[[ RECORDED INFORMATION open ]]
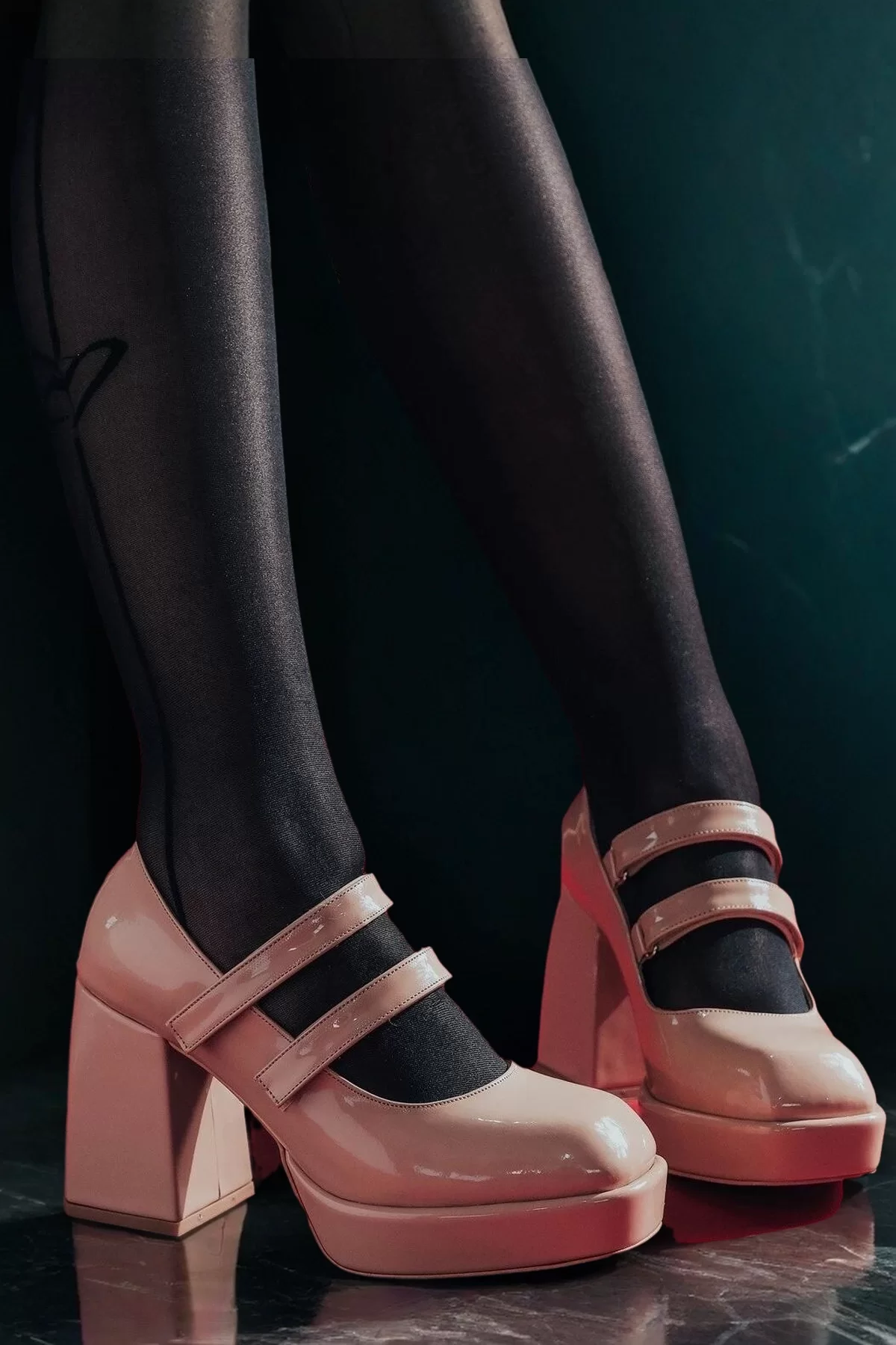 Kadın Moda Beyaz Rugan Çift Cırtlı Platform Topuklu Ayakkabı Şık ve Zarif Abiye Ayakkabı - Görsel 4
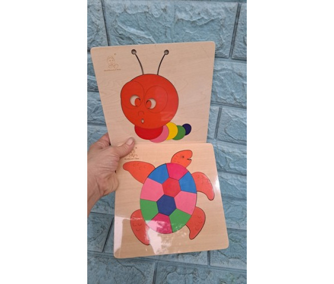 35 ngàn 1 combo 2 bộ đồ chơi ghép hình bằng gỗ cho bé chơi, combo 2 cái 2 mẫu như hình, cho bé làm quen với màu sắc, hình dáng, với chú rùa và em sâu đáng yêu đầy màu sắc. kích thước 18cmx18cm
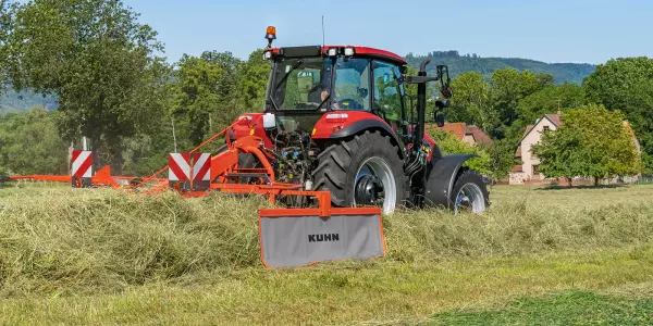La gamme KUHN s’agrandit avec les GA 3901, GA 4201 et GA 4401, de largeurs de travail de 3,90, 4,20 et 4,40 m, La conception innovante du carter d’animation provoque la dépose à droite de l’andain : un bénéfice de confort non négligeable pour l’utilisateur.
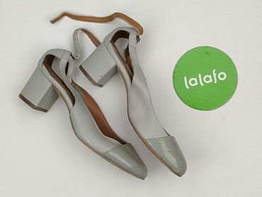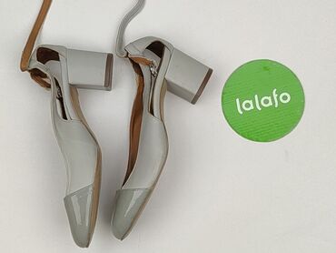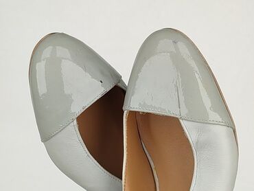 Szare czółenka na obcasie – lakierowane - Model: LEY-135 GREY (widoczne na wkładce) - Rozmiar: 36 (oznaczenie na podeszwie i wewnątrz) - Cholewka: lakierowana, gładka, w kolorze jasnoszarym - Nose...
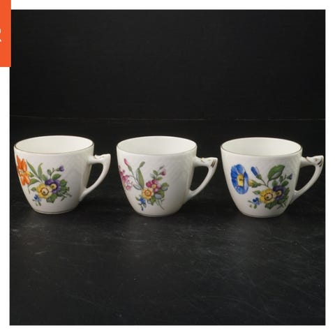 Saksisk Blomst kaffekop, dekoreret med forskellige blomster på creme bund, og med guldkant.
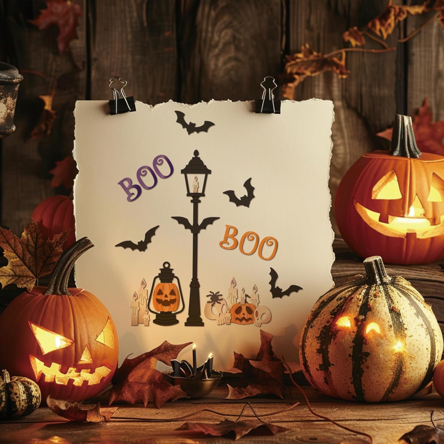 - Halloween Pumpkin Lamp Theme: The cut dies are designed with pumpkins, skulls, cat, lamps, webs, bats, bone patterns, you can use these cut dies to make unique card holder, multiple styles of die cuts can meet your DIY requirements
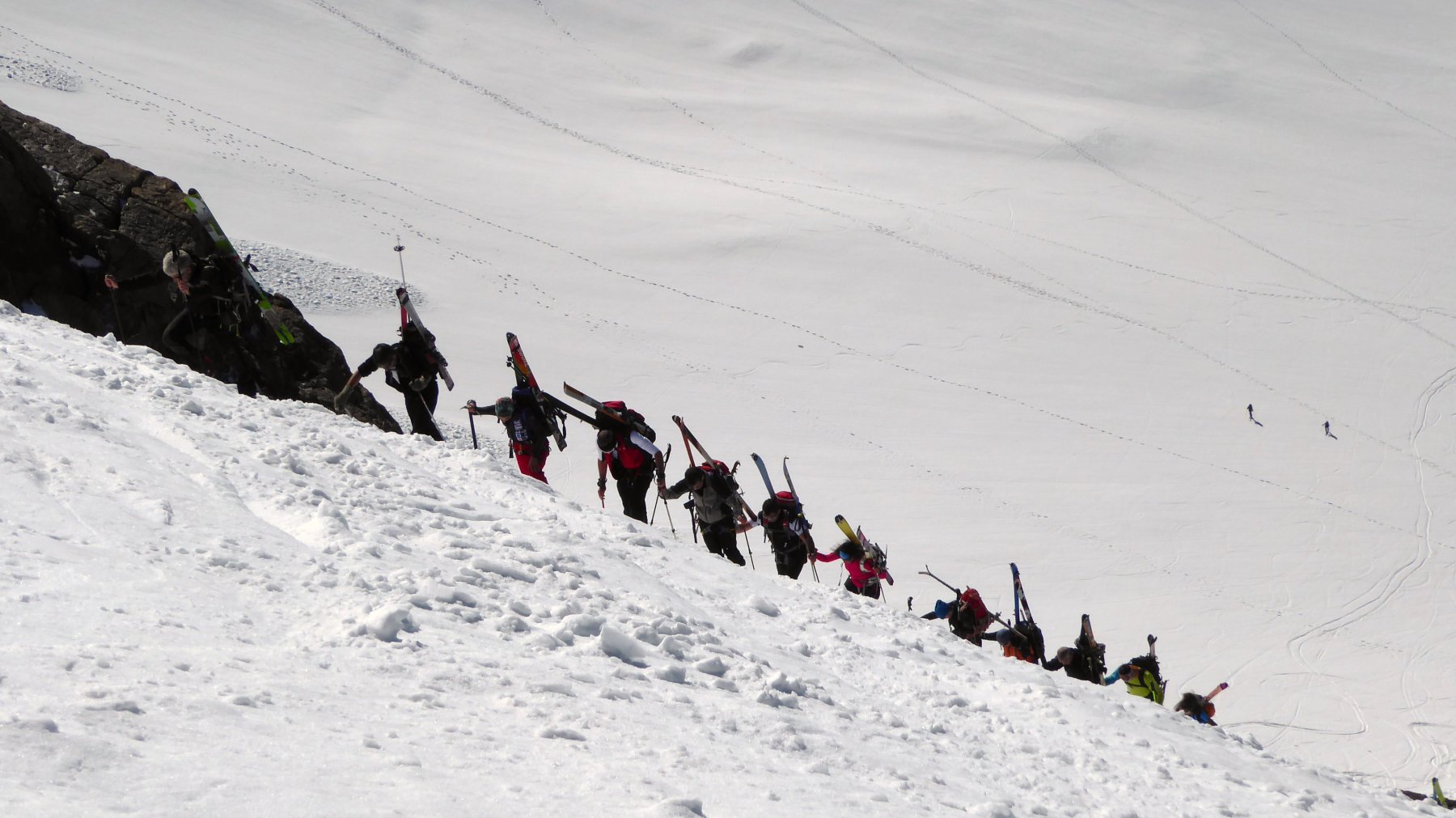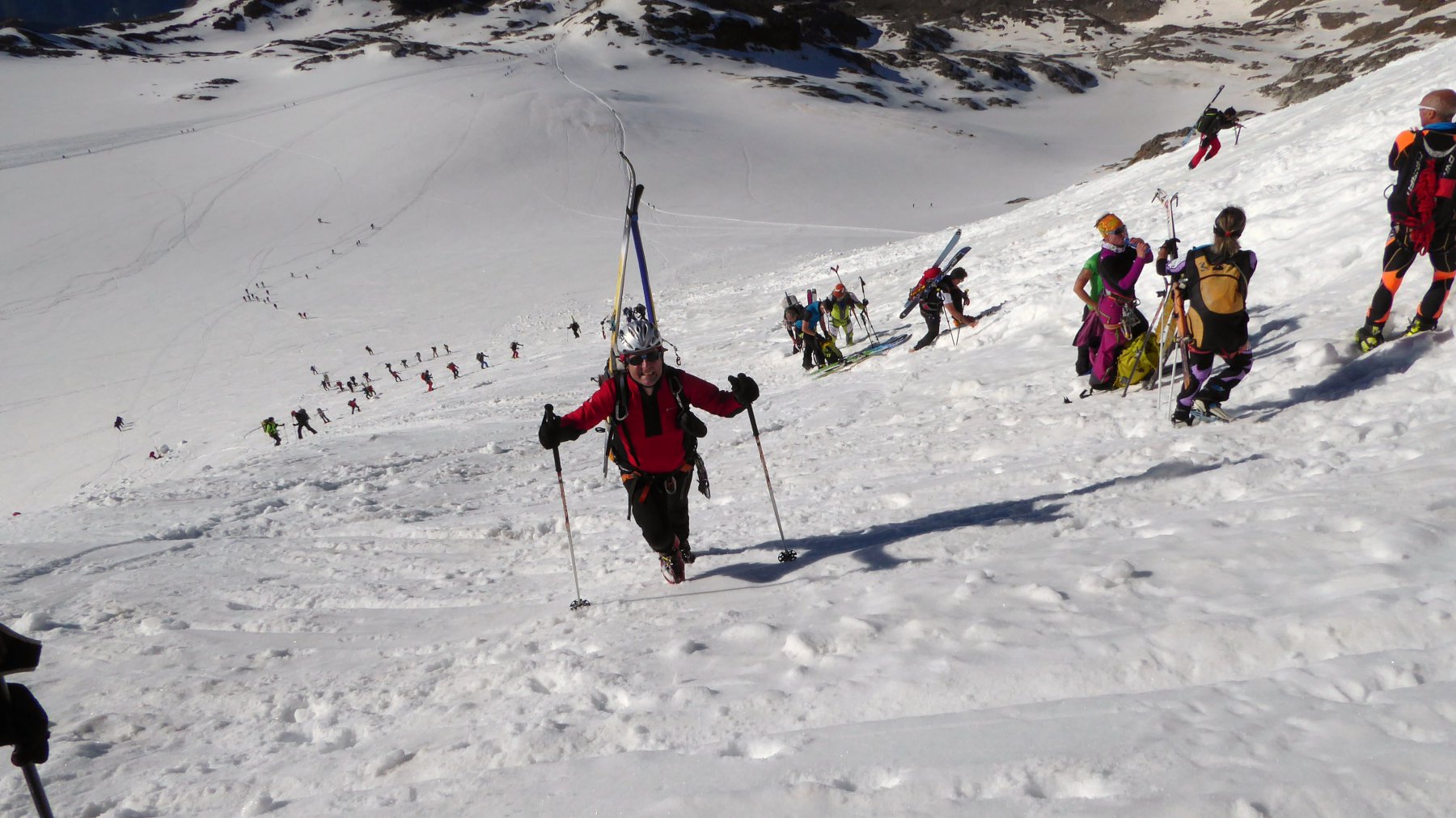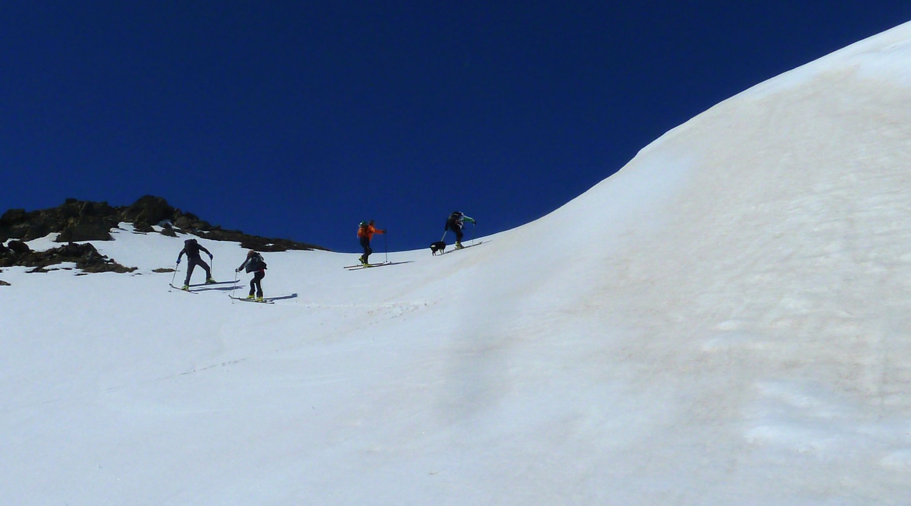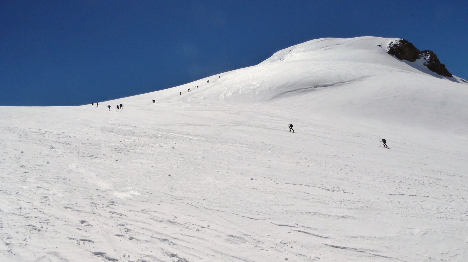 | fyplom | salendo nel canale | fyplom | tanti con gli sci | fyplom | sul ghiacciaio sopra i rifugi | fyplom | in vista della cima | fyplom | in cima pronti per la discesa | fyplom | in discesa | fyplom | il canale di salita subito dopo la partenza
[[ RECORDED INFORMATION closed ]]
Copy exactly, and only, the lines from the line containing "- Halloween Pumpkin" through the final line of the material above, with no pictures.

**THE ANSWER**
 - Halloween Pumpkin Lamp Theme: The cut dies are designed with pumpkins, skulls, cat, lamps, webs, bats, bone patterns, you can use these cut dies to make unique card holder, multiple styles of die cuts can meet your DIY requirements
 | fyplom | salendo nel canale | fyplom | tanti con gli sci | fyplom | sul ghiacciaio sopra i rifugi | fyplom | in vista della cima | fyplom | in cima pronti per la discesa | fyplom | in discesa | fyplom | il canale di salita subito dopo la partenza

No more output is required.